Should you hire a pro? If you both felt you needed a professional tax preparer when you were single, maybe you should. But if either spouse felt comfortable doing a return as a single, the returns for married folks should not be any more challenging.
There may be an exception, though, if one or both spouses have dependent children from a previous marriage or relationship. You need to be certain that you and the child’s other parent are each doing things correctly, like determining who takes the tax deduction for a dependent. Maybe it’s worth paying a pro to be sure you do this right.
If you got married this year, or plan to, a few moves will make the 2013 return easier to do next year. Each spouse, for example, should file a new W-4 form at work to be sure the tax withholding is correct.
And, obviously, if one or both of you has changed address, make sure your bank, broker, mutual fund companies and lenders all know where to send your tax documents. Download and file IRS Form 8822, a change-of-address form that will assure the IRS sends all communications to your new address. And a spouse who has changed his or her name should obtain a new Social Security card by fling Form SS-5 so the name and Social Security number will match when the IRS reviews thereturn. If they don’t there will be problems.
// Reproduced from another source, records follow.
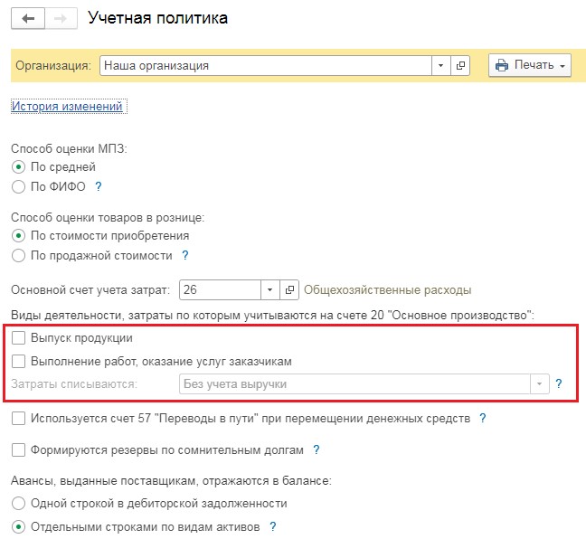 Но не нужно забывать, что есть организации, работающие без выпуска продукции и не оказывающие никаких услуг. Для них настройка данных учетной политики будет производиться без пунктов «Выпуск продукции» и «Выполнение работ, оказание услуг заказчикам».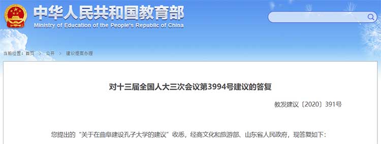 11月13日,教育部对“关于在曲阜建设孔子大学的建议”做出答复。《答复》中指出,关于在曲阜建设孔子大学的问题,须纳入山东省高校设置规划统筹研究论证。山东曲阜有着悠久的历史文化传统和丰富的文化教育资源,建议曲阜师范大学、尼山世界儒学中心等汇聚国内外儒学研究力量,在学术研究、交流推广、国际合作、人才培养等方面加大工作力度,加强对传统文化研究,培养优秀传统文化人才,传承弘扬优秀传统文化,推动中华优秀传统文化融合创新发展。
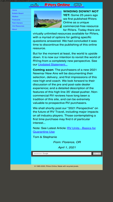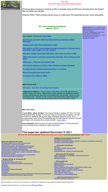 84%indexed links to over 800 sites of interest to rvers. rv advice for beginners, motorhome and 5th wheel travel trailer manufacturers, rv accessories, rv clubs, rv campgrounds, rv advice books.
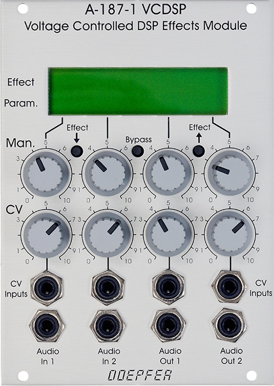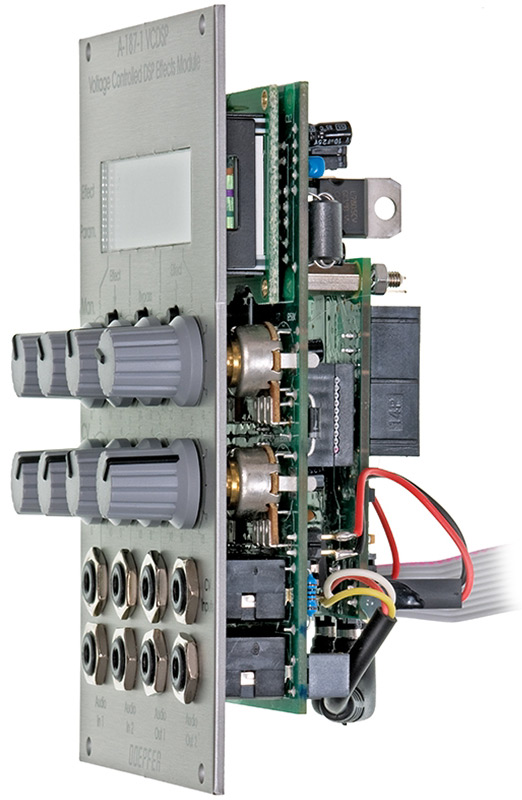 module a-187-1 is a dsp based effects module. four parameters of the selected digital effect are voltage controlled. the main effect (e.g. reverb, delay, pitch-shifter, equalizer) is selected by the two small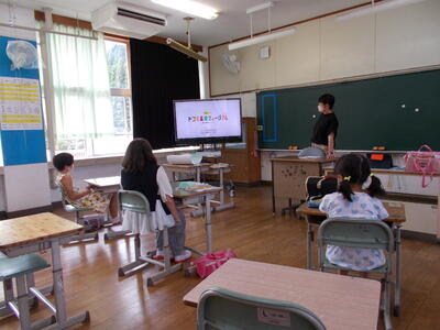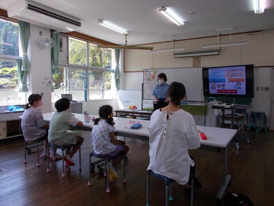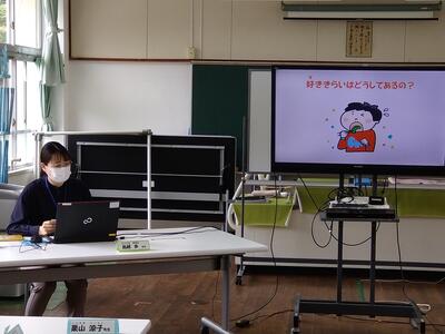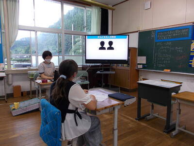 お互いが授業で調べ、まとめたことを発表する内容で、初めて交流する同年代の児童に向けての発表ということで、少し緊張していましたが、練習通りの発表をすることができていました。いつもは少人数での学習ですが、様々な人や考えに触れるよい機会となりました。今後もこのような学習を行いながら、児童も職員も視野を広げる機会としていきたいです。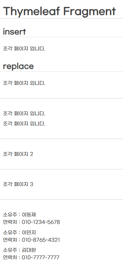 <div th:insert="~{inc/sub2::owner('이민지', '010-8765-4321')}"></div>
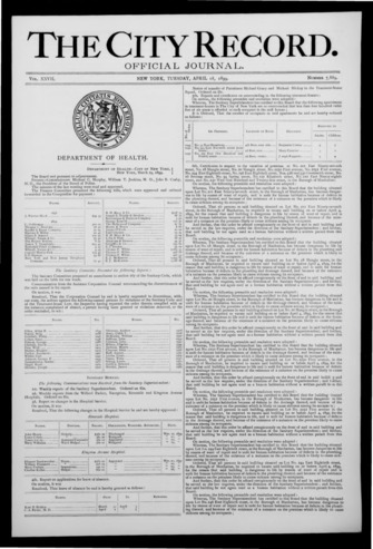 The City Record newspaper publishes notices which includes but is not limited to: public hearings and meetings, public auctions and sales, solicitations and awards and official rules proposed and adopted by city agencies. This is the City Record Newspaper for April 18, 1899.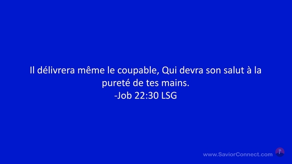 Il délivrera même le coupable, Qui devra son salut à la pureté de tes mains. -Job 22:30 LSG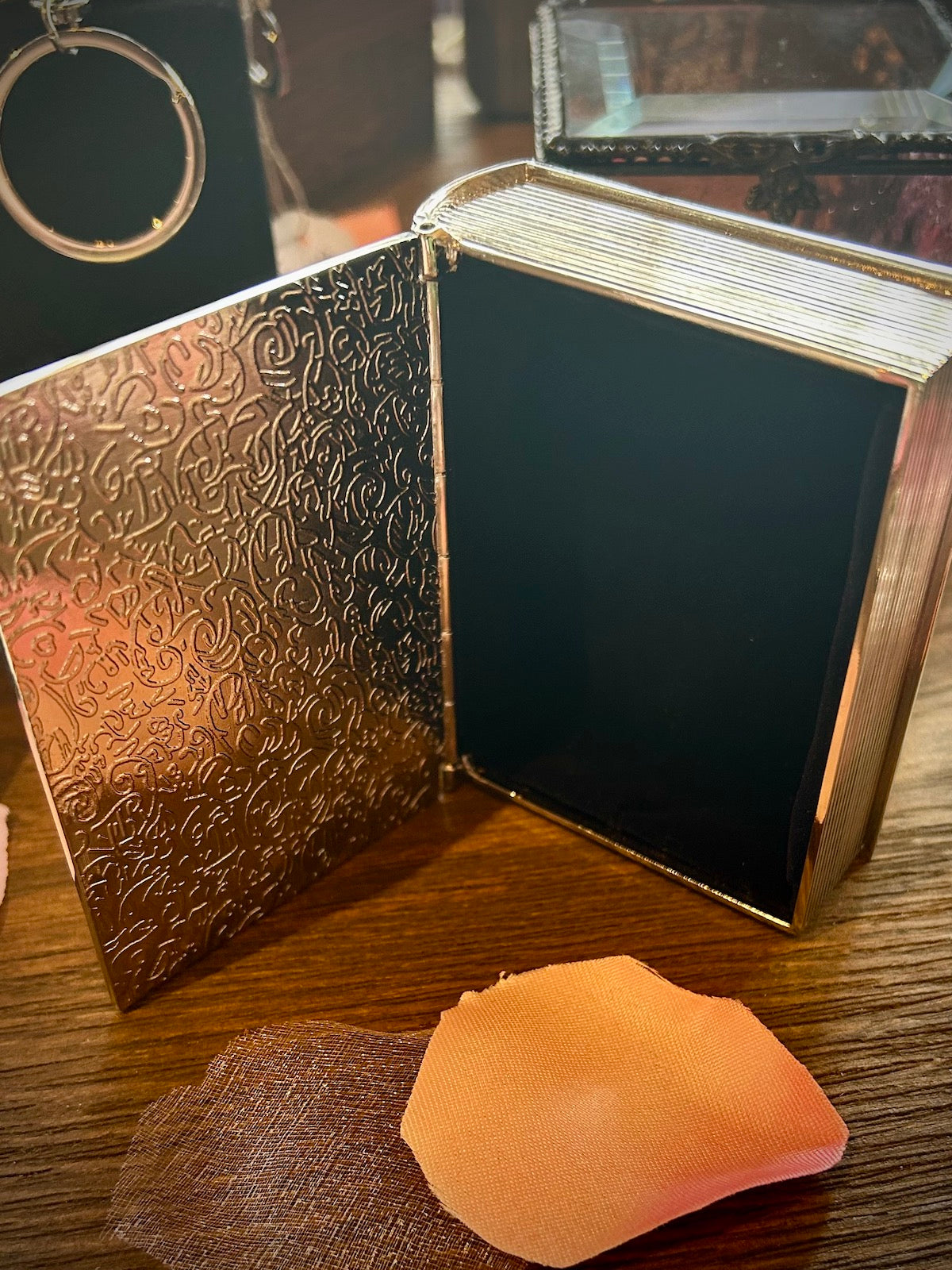 This book is actually a precious little keepsake box, perfect for storing jewelry, valuables, trinkets & more. Three sides feature faux page edges and the fourth side is a faux book spine with Old World design embossings to complete the look of the "book". The lid or book "cover" is hinged and opens to reveal the lined compartment inside.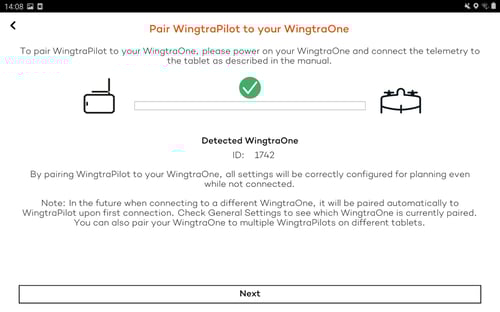 - Pair WingtraPilot and WingtraOne. Once it is done click next.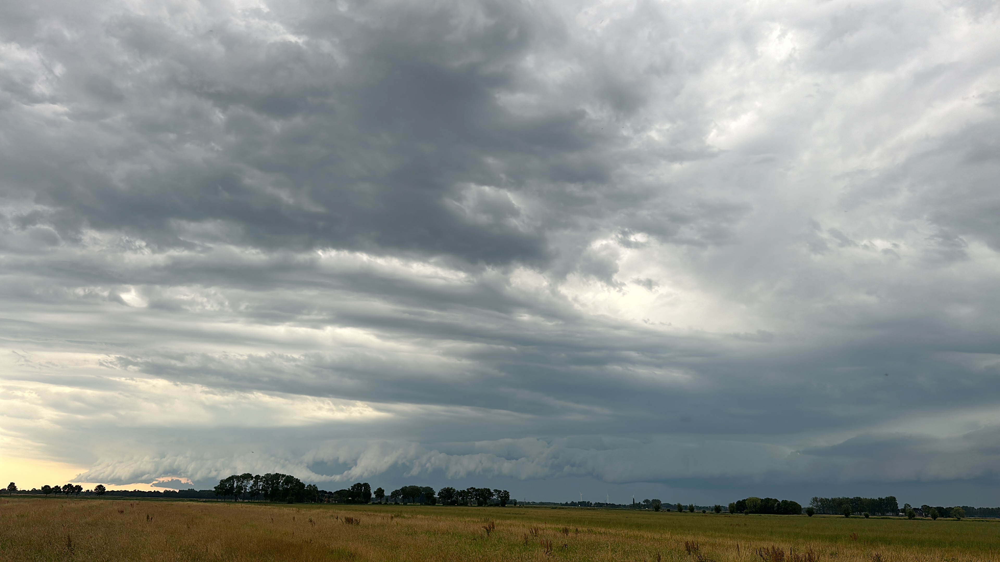 In Rijswijk Gelderland een spectaculaire arcuslucht te zien in de verte in het zuidwesten. Af en toe zijn er ook al wat ontladingen te zien. Genieten!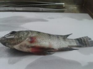 Trước khi tiến hành phân lập, giám định vi khuẩn gây bệnh, những mẫu cá bị bệnh ngoài da do kí sinh trùng hoặc nấm được kiểm tra để loại bỏ.

Newlyweds should also sit down and go over their finances very carefully. A good budget helps you cut spending, and that could allow you to contribute more to retirement accounts like 401(k)s and IRAs, allowing you bigger tax deductions. You also should consult one another on matters like selling investments, so you can net out gains and losses to minimize capital gains tax.
And if either or both of you are self-employed or have a lot of investment income, be sure to file quarterly estimated tax payments. That way you’ll avoid interest and penalties, or a desperate scramble to come up with cash to pay tax due when you file your next return.